[Data extracted from a collection]
►

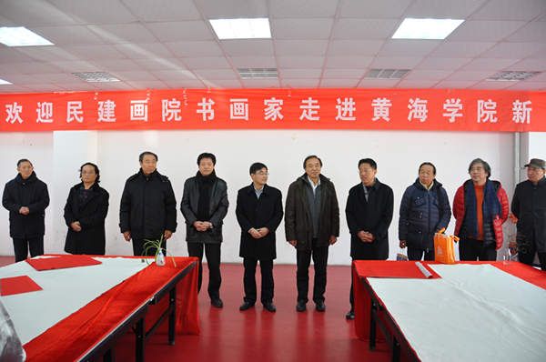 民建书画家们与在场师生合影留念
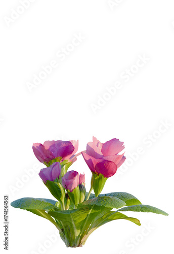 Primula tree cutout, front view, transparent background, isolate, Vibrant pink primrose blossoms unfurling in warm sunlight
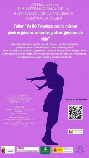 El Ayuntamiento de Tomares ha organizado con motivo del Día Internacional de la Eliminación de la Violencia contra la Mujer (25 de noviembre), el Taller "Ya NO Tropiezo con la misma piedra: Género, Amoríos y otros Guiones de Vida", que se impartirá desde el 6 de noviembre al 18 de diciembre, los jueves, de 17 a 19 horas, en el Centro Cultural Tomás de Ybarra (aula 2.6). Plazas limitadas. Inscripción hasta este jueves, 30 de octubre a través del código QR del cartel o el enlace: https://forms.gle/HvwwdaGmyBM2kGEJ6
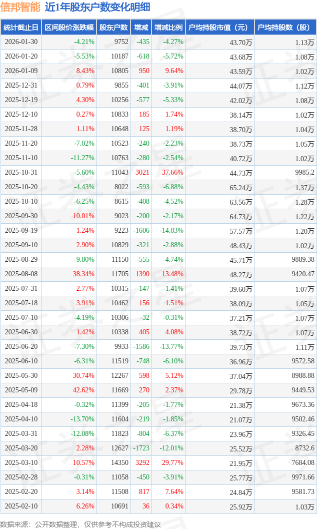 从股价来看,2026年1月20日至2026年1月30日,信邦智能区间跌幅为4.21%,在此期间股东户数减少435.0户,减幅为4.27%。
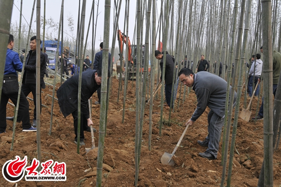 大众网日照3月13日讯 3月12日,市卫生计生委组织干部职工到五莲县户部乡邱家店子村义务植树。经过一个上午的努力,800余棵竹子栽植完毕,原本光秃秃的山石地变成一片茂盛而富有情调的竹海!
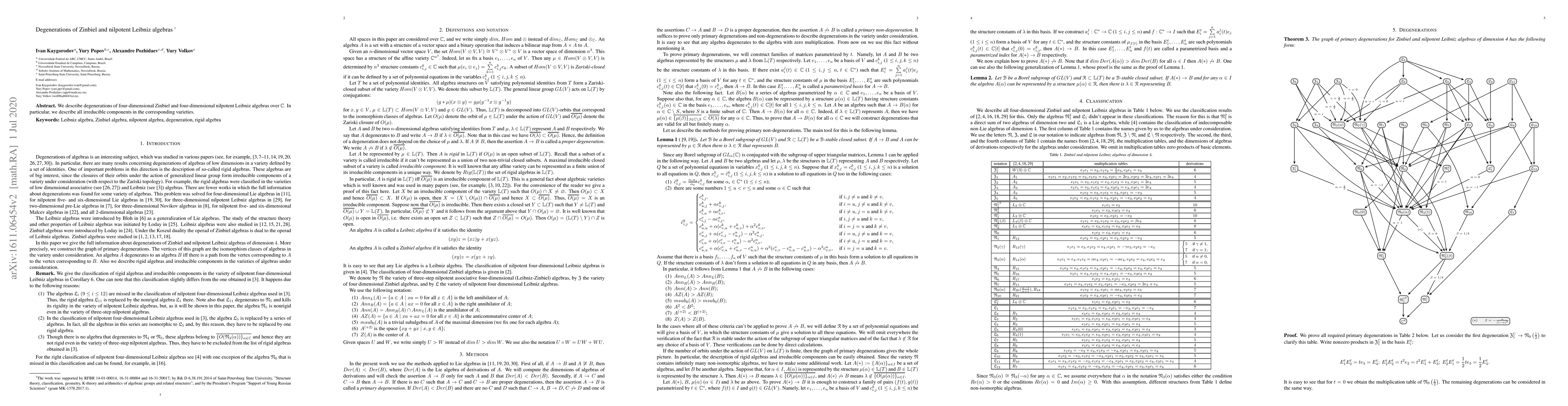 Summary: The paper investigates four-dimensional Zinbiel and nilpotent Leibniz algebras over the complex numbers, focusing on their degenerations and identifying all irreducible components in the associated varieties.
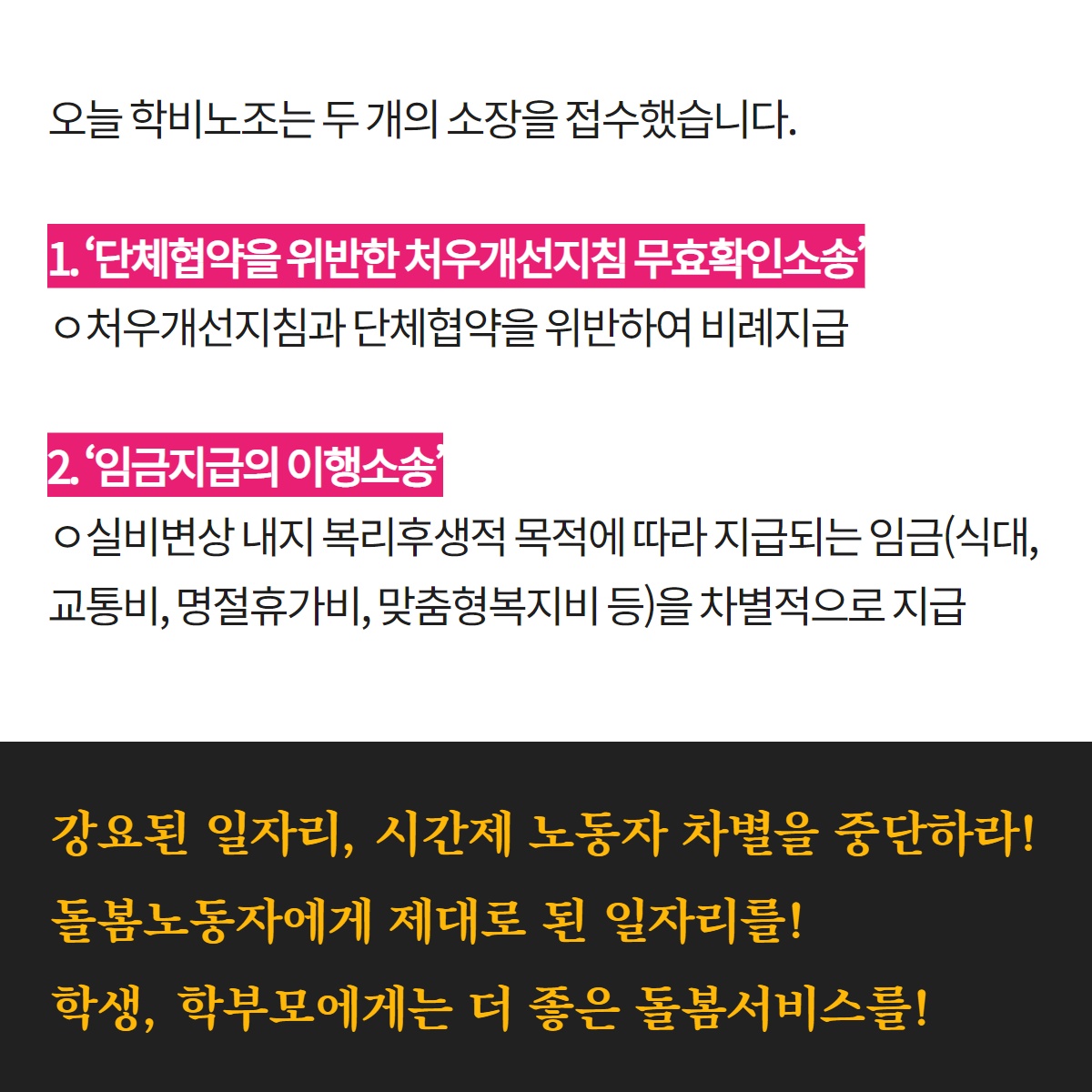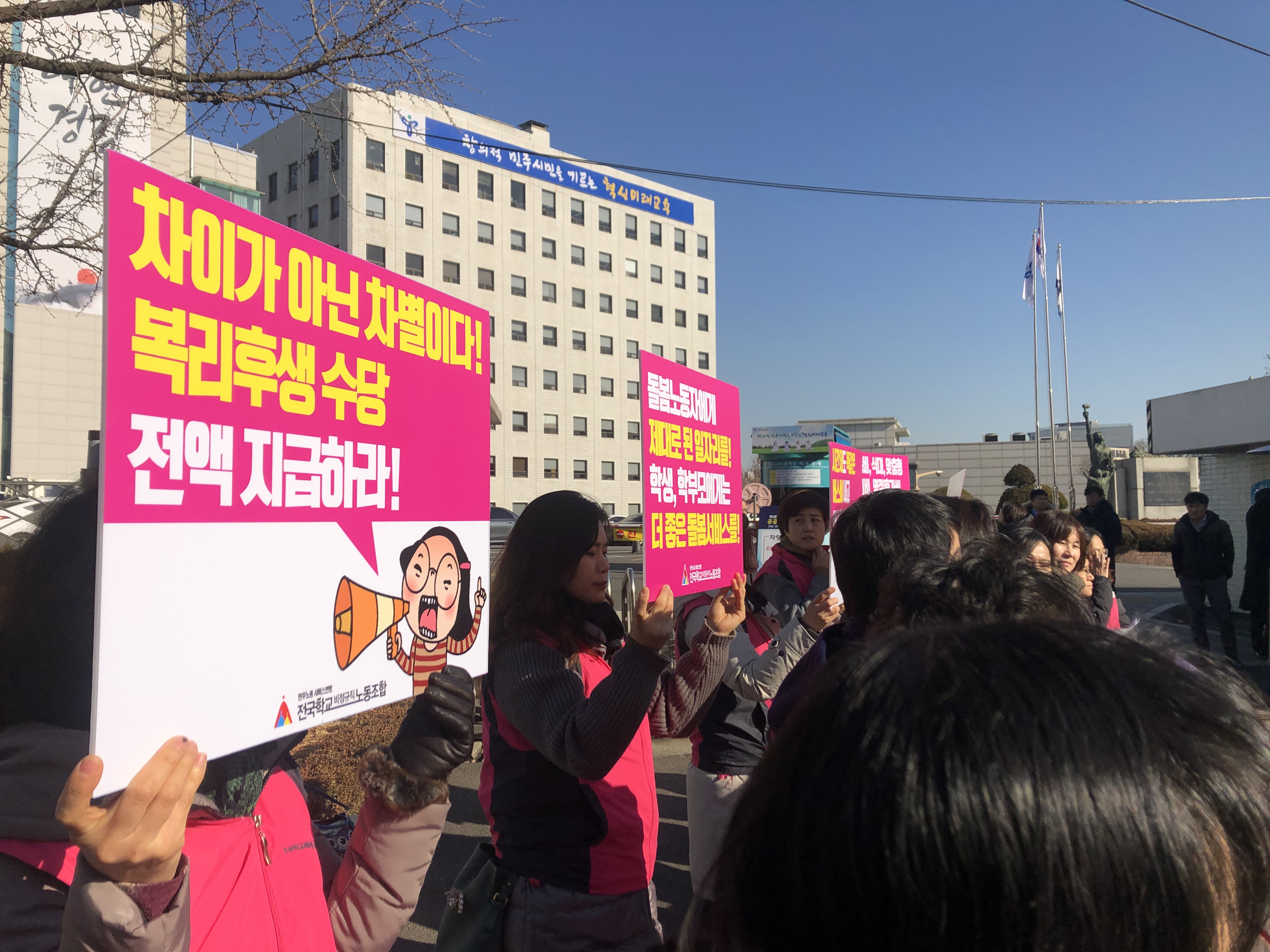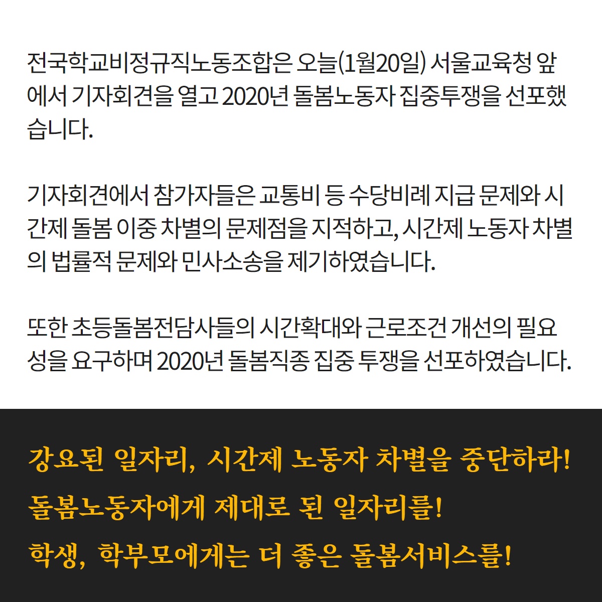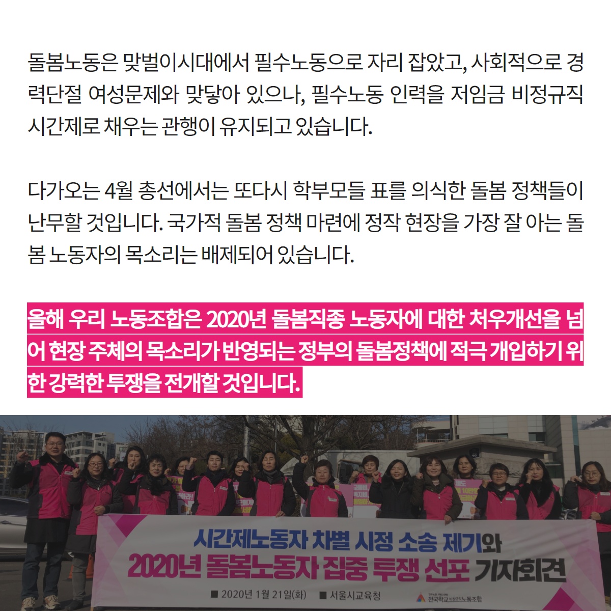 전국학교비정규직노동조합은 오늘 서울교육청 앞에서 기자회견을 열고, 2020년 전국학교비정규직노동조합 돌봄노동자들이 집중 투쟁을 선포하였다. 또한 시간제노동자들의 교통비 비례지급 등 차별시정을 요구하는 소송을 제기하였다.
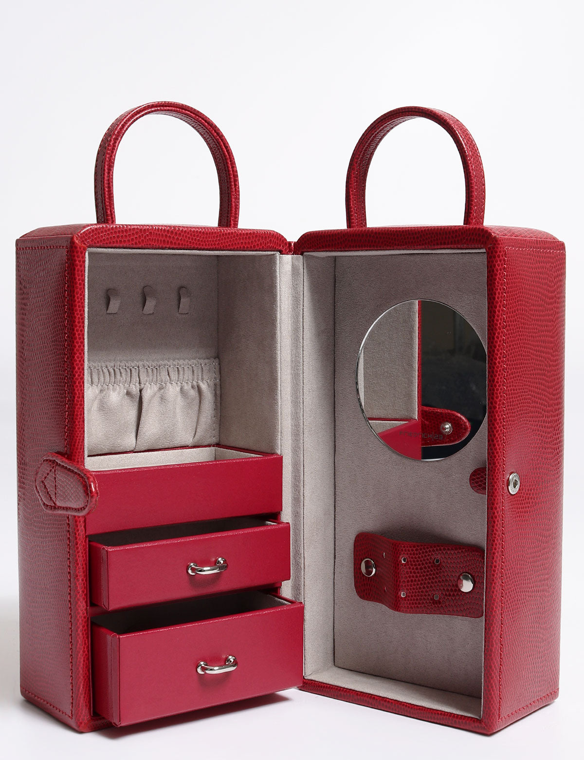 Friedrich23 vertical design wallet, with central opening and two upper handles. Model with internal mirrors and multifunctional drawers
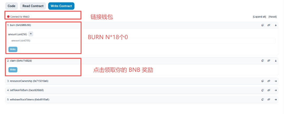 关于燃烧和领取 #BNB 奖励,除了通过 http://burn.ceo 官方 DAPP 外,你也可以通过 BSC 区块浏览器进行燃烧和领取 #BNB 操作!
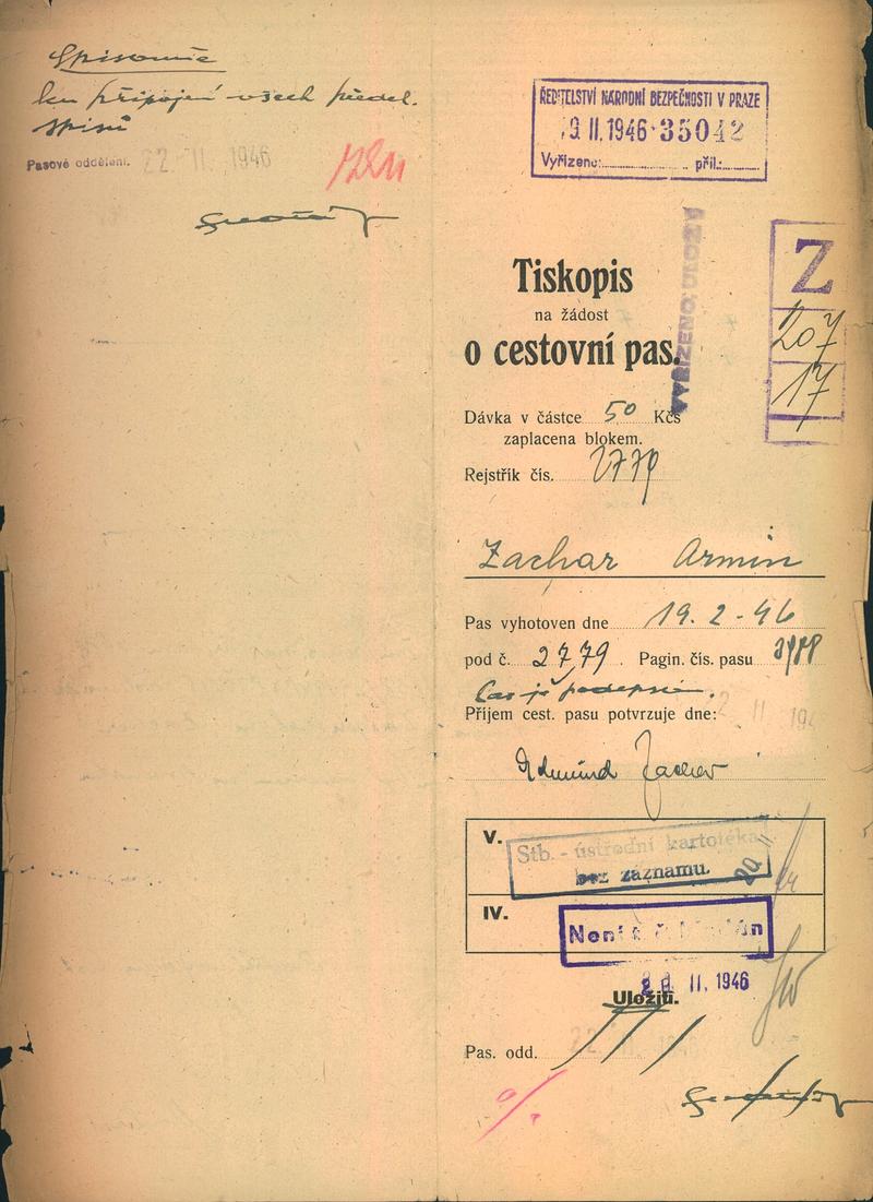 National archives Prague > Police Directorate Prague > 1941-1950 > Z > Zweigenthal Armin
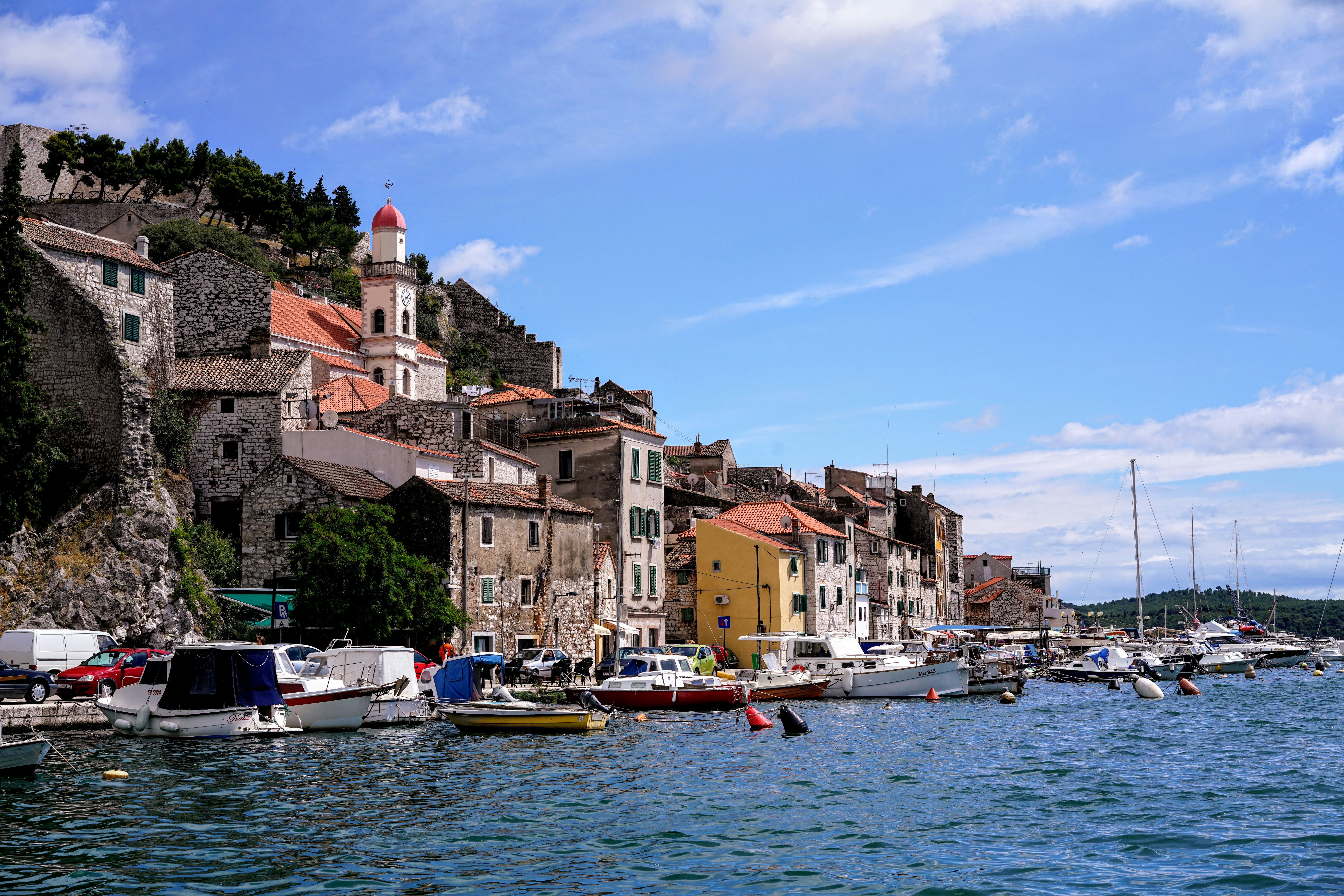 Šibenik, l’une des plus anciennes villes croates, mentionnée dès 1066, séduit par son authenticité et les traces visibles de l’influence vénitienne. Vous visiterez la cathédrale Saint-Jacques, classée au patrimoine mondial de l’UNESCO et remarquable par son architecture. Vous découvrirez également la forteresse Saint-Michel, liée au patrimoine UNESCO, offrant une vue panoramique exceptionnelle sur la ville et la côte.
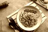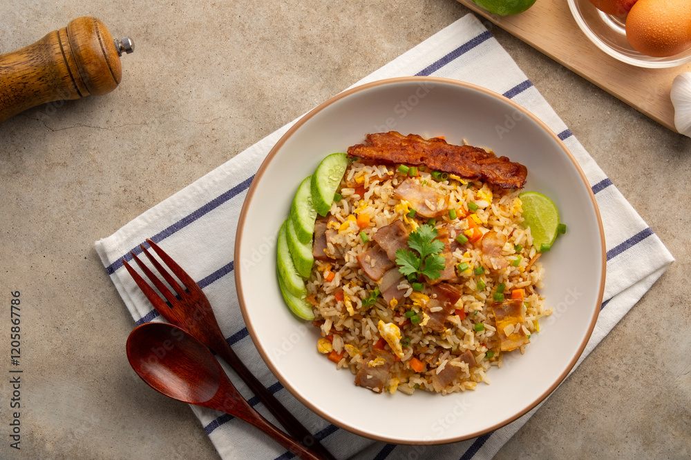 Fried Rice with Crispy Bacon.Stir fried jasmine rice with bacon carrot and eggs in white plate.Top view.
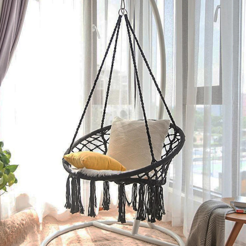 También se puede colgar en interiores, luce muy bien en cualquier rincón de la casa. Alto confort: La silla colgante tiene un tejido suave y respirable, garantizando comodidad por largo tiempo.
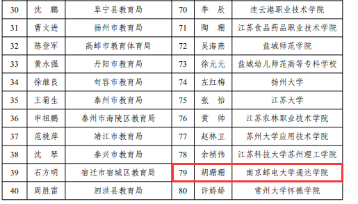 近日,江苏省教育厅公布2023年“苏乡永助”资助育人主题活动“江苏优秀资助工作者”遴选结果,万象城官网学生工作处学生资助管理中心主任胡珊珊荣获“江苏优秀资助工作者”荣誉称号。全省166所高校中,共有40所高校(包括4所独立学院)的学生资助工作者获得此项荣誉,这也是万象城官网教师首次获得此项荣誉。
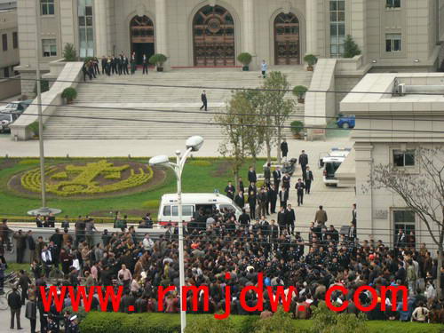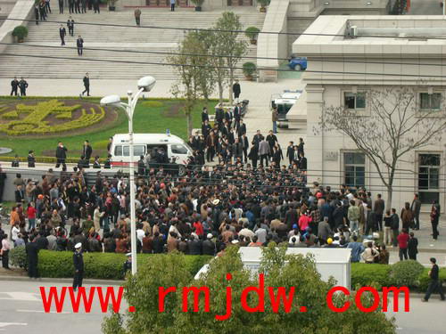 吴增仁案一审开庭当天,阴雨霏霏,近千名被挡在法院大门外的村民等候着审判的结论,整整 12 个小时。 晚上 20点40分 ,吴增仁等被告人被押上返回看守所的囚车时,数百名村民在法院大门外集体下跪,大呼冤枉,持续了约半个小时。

◄

[What this task involves]
Repeat the records in full and exactly, leaving every picture out.

[Your solution]
 民建书画家们与在场师生合影留念
 Primula tree cutout, front view, transparent background, isolate, Vibrant pink primrose blossoms unfurling in warm sunlight
 El Ayuntamiento de Tomares ha organizado con motivo del Día Internacional de la Eliminación de la Violencia contra la Mujer (25 de noviembre), el Taller "Ya NO Tropiezo con la misma piedra: Género, Amoríos y otros Guiones de Vida", que se impartirá desde el 6 de noviembre al 18 de diciembre, los jueves, de 17 a 19 horas, en el Centro Cultural Tomás de Ybarra (aula 2.6). Plazas limitadas. Inscripción hasta este jueves, 30 de octubre a través del código QR del cartel o el enlace: https://forms.gle/HvwwdaGmyBM2kGEJ6
 从股价来看,2026年1月20日至2026年1月30日,信邦智能区间跌幅为4.21%,在此期间股东户数减少435.0户,减幅为4.27%。
 大众网日照3月13日讯 3月12日,市卫生计生委组织干部职工到五莲县户部乡邱家店子村义务植树。经过一个上午的努力,800余棵竹子栽植完毕,原本光秃秃的山石地变成一片茂盛而富有情调的竹海!
 Summary: The paper investigates four-dimensional Zinbiel and nilpotent Leibniz algebras over the complex numbers, focusing on their degenerations and identifying all irreducible components in the associated varieties.
 전국학교비정규직노동조합은 오늘 서울교육청 앞에서 기자회견을 열고, 2020년 전국학교비정규직노동조합 돌봄노동자들이 집중 투쟁을 선포하였다. 또한 시간제노동자들의 교통비 비례지급 등 차별시정을 요구하는 소송을 제기하였다.
 Friedrich23 vertical design wallet, with central opening and two upper handles. Model with internal mirrors and multifunctional drawers
 关于燃烧和领取 #BNB 奖励,除了通过 http://burn.ceo 官方 DAPP 外,你也可以通过 BSC 区块浏览器进行燃烧和领取 #BNB 操作!
 National archives Prague > Police Directorate Prague > 1941-1950 > Z > Zweigenthal Armin
 Šibenik, l’une des plus anciennes villes croates, mentionnée dès 1066, séduit par son authenticité et les traces visibles de l’influence vénitienne. Vous visiterez la cathédrale Saint-Jacques, classée au patrimoine mondial de l’UNESCO et remarquable par son architecture. Vous découvrirez également la forteresse Saint-Michel, liée au patrimoine UNESCO, offrant une vue panoramique exceptionnelle sur la ville et la côte.
 Fried Rice with Crispy Bacon.Stir fried jasmine rice with bacon carrot and eggs in white plate.Top view.
 También se puede colgar en interiores, luce muy bien en cualquier rincón de la casa. Alto confort: La silla colgante tiene un tejido suave y respirable, garantizando comodidad por largo tiempo.
 近日,江苏省教育厅公布2023年“苏乡永助”资助育人主题活动“江苏优秀资助工作者”遴选结果,万象城官网学生工作处学生资助管理中心主任胡珊珊荣获“江苏优秀资助工作者”荣誉称号。全省166所高校中,共有40所高校(包括4所独立学院)的学生资助工作者获得此项荣誉,这也是万象城官网教师首次获得此项荣誉。
 吴增仁案一审开庭当天,阴雨霏霏,近千名被挡在法院大门外的村民等候着审判的结论,整整 12 个小时。 晚上 20点40分 ,吴增仁等被告人被押上返回看守所的囚车时,数百名村民在法院大门外集体下跪,大呼冤枉,持续了约半个小时。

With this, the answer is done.